Student debt is being compared to the housing crisis. Catastrophe? Imminent. We’re thrusting our kids into vast amounts of financial turmoil, and for what? Disaster. And while that may be true (education does need a transformation), debt is not the main issue on a young person’s mind.

“You would think that student loans are young people’s only priority,” argues New York Times columnist Charles Blow. “They’re not. In fact, a cleverly designed survey released this week by Harvard University’s Institute of Politics asked respondents ages 18 to 29 to choose between pairings of issues to determine which ones they felt were more important. Among domestic issues, creating jobs always won.”

Student debt wouldn’t be such a big deal if recent grads could find a job.

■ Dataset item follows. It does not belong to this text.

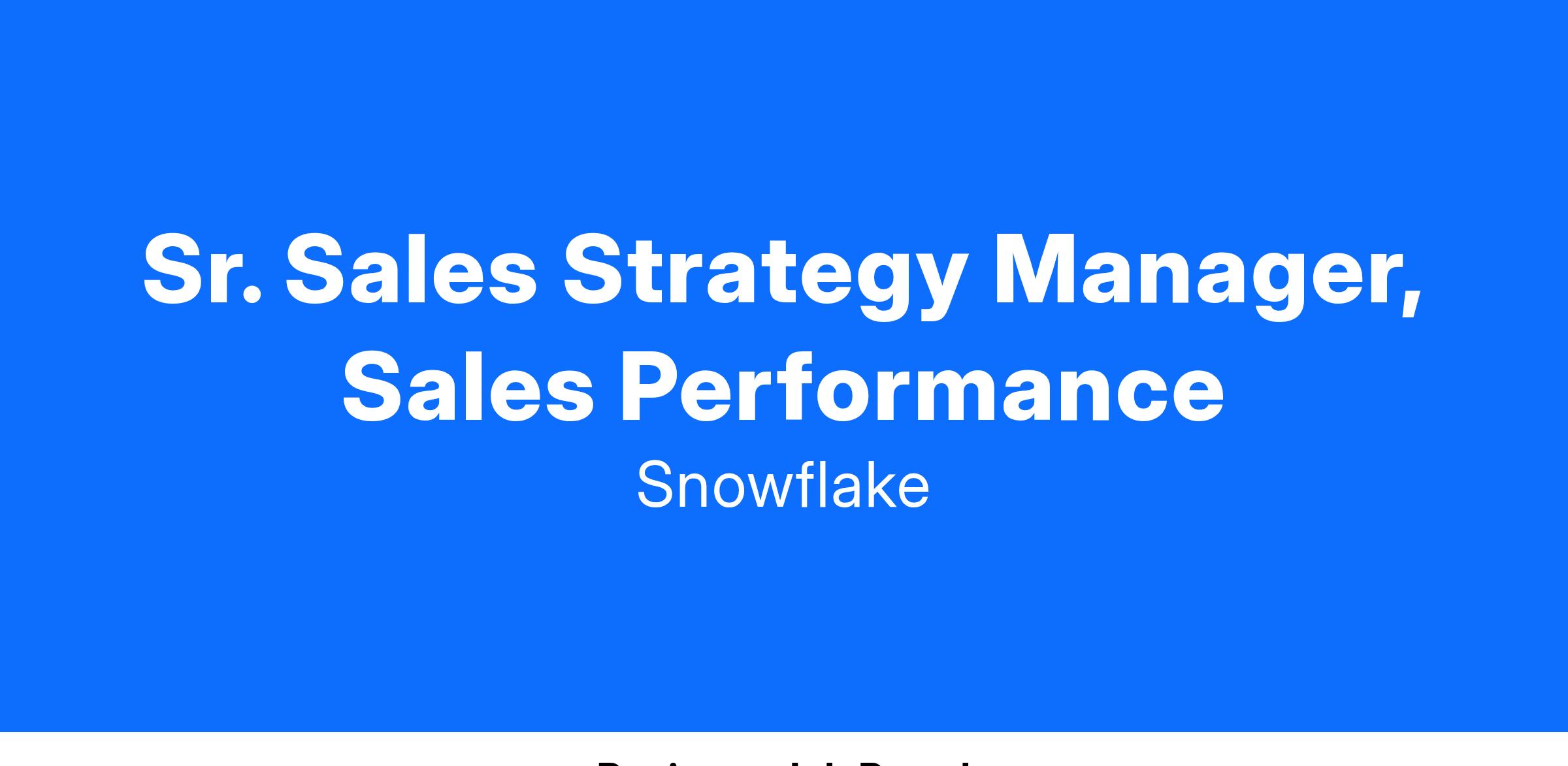 Snowflake’s Sales Strategy & Business Operations team is seeking a Sr Sales Strategy Manager, Sales Performance to help define and drive the company’s go-to-market strategy and operating plan. Our goal is to expand Snowflake’s addressable market and improve market penetration through targeted investments.

Because the problem isn’t the loan, but the job to pay off the loan to start living life. You only care about paying off student debt if you’re ready to settle down, buy a house, get married, and have kids. But young people delay adulthood. We buy houses later. We get married later. We have kids later. So it doesn’t matter that paying off loans comes later too — if you have a job.

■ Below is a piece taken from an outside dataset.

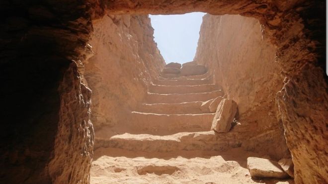 Чтобы попасть в усыпальницу, нужно спуститься по каменной лестнице, вход к которой был замурован каменной стеной - за счет этого захоронение осталось нетронутым на протяжении двух тысячелетий. Египетское министерство по делам древностей сообщает, что надписи внутри гробницы говорили об имени "основного" захороненного - Тийт. Вместе с главной мумией здесь было обнаружено 30 забальзамированных тел, в том числе детских.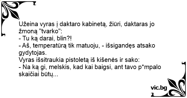 Užeina vyras į daktaro kabinetą, žiūri, daktaras jo žmoną "tvarko":

While there has been much ado about the cost of tuition – college debt has reportedly tripled since 1981 – students rarely pay the full tuition cost because scholarships and financial aid have risen as well.  “For the current school year, the average sticker price for tuition and fees at a private, nonprofit college is $28,500,” reports NPR writer Jacob Goldstein. “And yet, the average price students actually pay is less than half that — $12,970. That’s almost identical to the $12,650 that students paid, on average, in the 2001-2002 school year.”

Not to mention, college debt is a deliberate choice young people make. I’m from Illinois, but went out-of-state for school. My mother pleaded with me to go in-state. Same education, lower cost. Of course I knew she was right, but every college student knows the price of higher education doesn’t simply include courses, room and board, but the experience of stepping out and being on your own. An experience I simply didn’t want to have in my hometown.

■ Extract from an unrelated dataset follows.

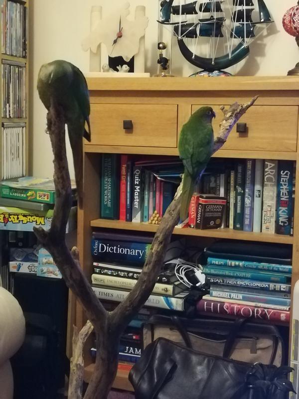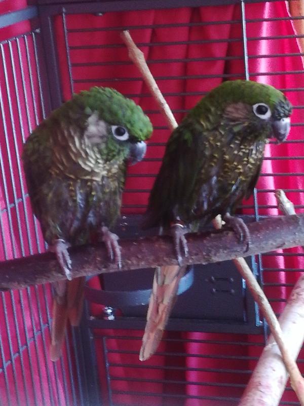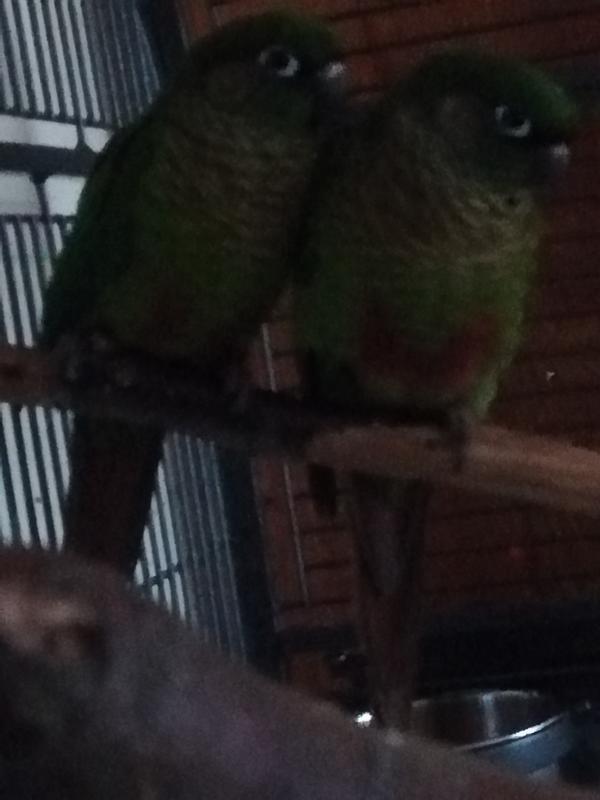 We have two male parent reared maroon bellied conures, we believe they are around 6 months old. We have had them for a month. We are slowly learning their likes and dislikes, and they are now coming towards us rather than away from us when we are near the cage.

Many other young people have made similar choices. Kelsey Griffith, 23, attended Ohio Northern, a private college that costed her nearly $50,000 a year. “As an 18-year-old, it sounded like a good fit to me, and the school really sold it,” Ms. Griffith, a marketing major, told the New York Times. “I knew a private school would cost a lot of money. But when I graduate, I’m going to owe like $900 a month. No one told me that.”

You’ll have to forgive me if I don’t sympathize with Ms. Griffith. Smart enough to go to a private school, but can’t do basic math? I pity the marketing budget she’ll soon manage.

We deliberately choose to take on debt to get the best possible education. And while the same could be said of mortgage debt and our pursuit of the American Dream, unlike the the housing crisis, student loan interest rates are low, and the forgiveness level is high. If you don’t have a job, you can delay payments. If you’re experiencing economic hardship, you can delay payments. God forbid you want to go back to school and incur more debt, you can once again delay payments. The system does everything it can to help you get on your feet.

Personally, I went to a public school trading the corn of Illinois for the cows of Wisconsin. At the time, University of Wisconsin-Madison’s out-of-state tuition was the highest among Big Ten schools. The University of Illinois-Champaign-Urbana (located in my hometown) was the lowest. My debt totaled around $12,300 (the average per borrower is $23,300, not the $60,000-$100,000 outliers often strut out in news stories). I paid it off earlier this year, in part, because I’ve been continuously employed since graduation.

Many other young people aren’t so lucky. A whopping fifty-three percent of recent college grads are jobless or underemployed, and that’s why we care eighty percent more about creating jobs over addressing social security, lowering the tax burden on Americans, income inequality, combatting climate change, reducing the role of big money in elections, or developing an immigration policy.

Not a generation to be down on our luck, we’ll take a paycheck where we can get it. Recent graduates are now more likely to work as waiters, waitresses, bartenders and food-service helpers than as engineers, physicists, chemists and mathematicians combined. Steve King of New Communications Research argues “the grim job market is another key reason more young Americans are pursuing work as independents (temps, freelancers, etc.).”

Gen Y just wants to work. So let us. Provide jobs that could change the educational system, the economy, the world, instead of fussing about student loans. Then Gen Y could pay our debts, and that would be energy well-spent.